Ринар вновь начал писать, Альма пыталась отвечать ему как можно быстрей. Приезжать слишком часто не получалось — Валия подтягивала к границе войска, чувствуя мятежные настроения жителей соседнего государства, Азария же, в лице Синегара, по-прежнему сомневалась, стоит ли укреплять оборону приграничных территорий силами королевской гвардии.

Альма представляла, с каким удовольствием Ринар выписывает слова «индюк», «идиот» и прочие относящиеся к его величеству в письмах, прочесть которые могла она одна. Лорд Тамерли был вечно в разъездах, Альма ждала. Однажды он написал, что ее ждет сюрприз. Это слово ассоциировалось с единственным событием — его приездом, ждать леди Ринар стала с еще большим рвением, но муж ее удивил.

Когда щит полыхнул, Альма как раз была на крыльце. Сердце зашлось в быстром темпе, руки почему-то задрожали. Подобрав подол платья, она помчала к воротам, представляя, как обнимет, поцелует, прижмет к себе, как не выпустит ни на секунду, даже в столовой, в ванной, в конюшню отправится следом.
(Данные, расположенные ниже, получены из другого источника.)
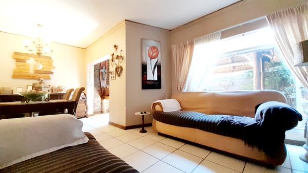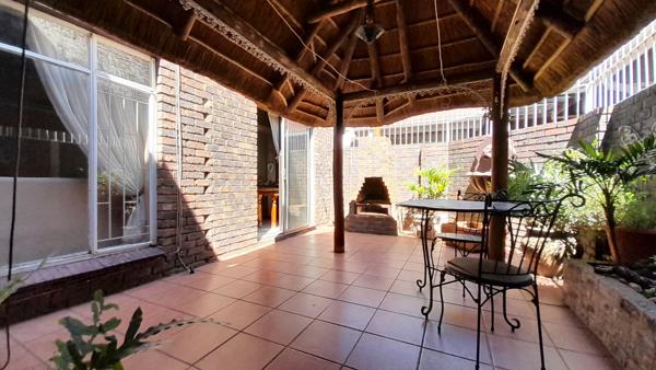This delightful and attractive unit is offered in pristine condition with accommodation arranged over two floors, offering large living space that spills out onto a private rear garden with a lapa and a built-in braai, a modern kitchen, and a guest WC downstairs, whilst upstairs offers a bathroom with a separate shower and two large bedrooms. The master bedroom has access to a pleasant North-facing balcony.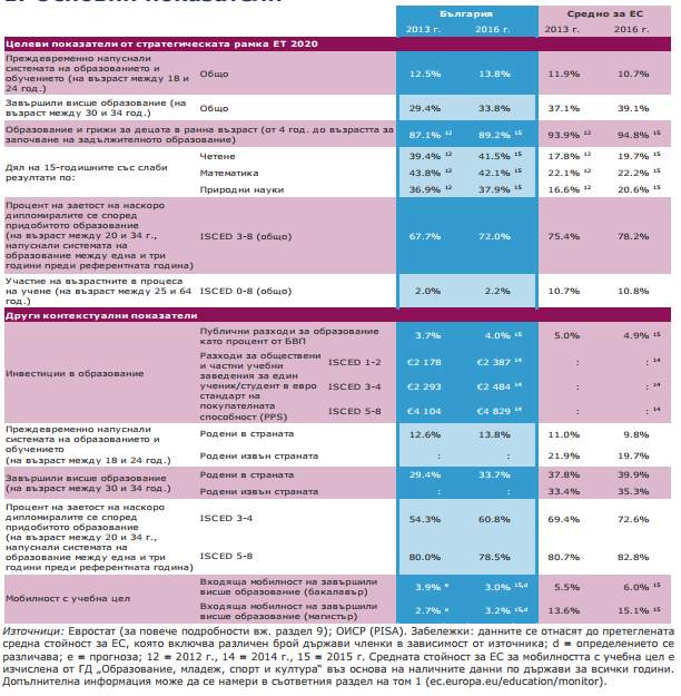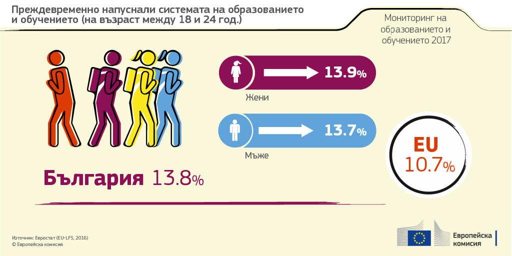 Обратно на общата тенденция в ЕС, делът на преждевременно напускащите училище (на възраст 18 - 24 години) се увеличава: 13,8 % през 2016 г. в сравнение с 10,7 % средно за ЕС. В този контекст ще се окаже трудно да бъде постигната националната цел от 11 %, заложена в стратегията „Европа 2020“, пише в доклада.

Когда девушка достигла ворот, они со скрежетом открывались. Первой показалась морда лошади. Грузной, тяжеловесной, не той, которой верен был Ринар, а потом…

— Гелин…

Альма выдохнула, не в силах промолвить и слова. Она так долго не видела своего учителя, товарища, немного отца. Так сильно по нему скучала. Чувствовала себя настолько виноватой перед ним. А он сам приехал… Ее смешливый усач, непревзойденный рассказчик, язва, способный поддеть, суровый учитель. Ее Аргамон.

— Ну что же ты, гелин, стала важной леди и даже не обнимешь старика? — мужчина передал лошадь стражам ворот, а сам раскрыл объятья, делая еще один шаг в сторону застывшей девушки со стоящими в глазах слезами.

— Аргамон! — она помчала навстречу, почувствовала, как руки наставника смыкаются за спиной, а потом позорно расплакалась. Плакала так, чтоб он не мог уличить ее, уткнувшись в жилет, навзрыд, чувствуя себя нашкодившим ребенком, прощеным родителями.

Она долго не могла успокоиться, бесконечно извинялась за то, что не отвечала на письма, что не приезжала и к себе не звала. Призналась, что очень боялась в один день узнать, что его уже нет, а она… Она рвала тогда с прошлым и больше всего жалела именно о том, что он тоже часть того прошлого.

— Идем в дом, гелин, идем, — Аргамон обнял Альму за плечи, провожая в сторону особняка. То, как она его встретила, заставило даже его сердце дрогнуть. Его старинное, сотню раз зачерствевшее сердце, которое отродясь не способно было на то, что с ним творила эта девочка.

Он знал, что Ринар увез ее из дворца. Лорд сам сказал об этом, приехав впервые. Хотя догадаться было несложно и до его приезда — Аргамон ведь лично приготовил вторую порцию зелья, которым когда-то приманивал лорда к воспитаннице. Исполнять просьбы участников игры ему было не запрещено, это ведь не собственная инициатива, на которую стояло табу. Хотя… И это табу он нарушал неоднократно. Ему невыносимо хотелось, чтоб хоть сейчас все получилось. Аргамон понимал, что шансы мизерны, но все же…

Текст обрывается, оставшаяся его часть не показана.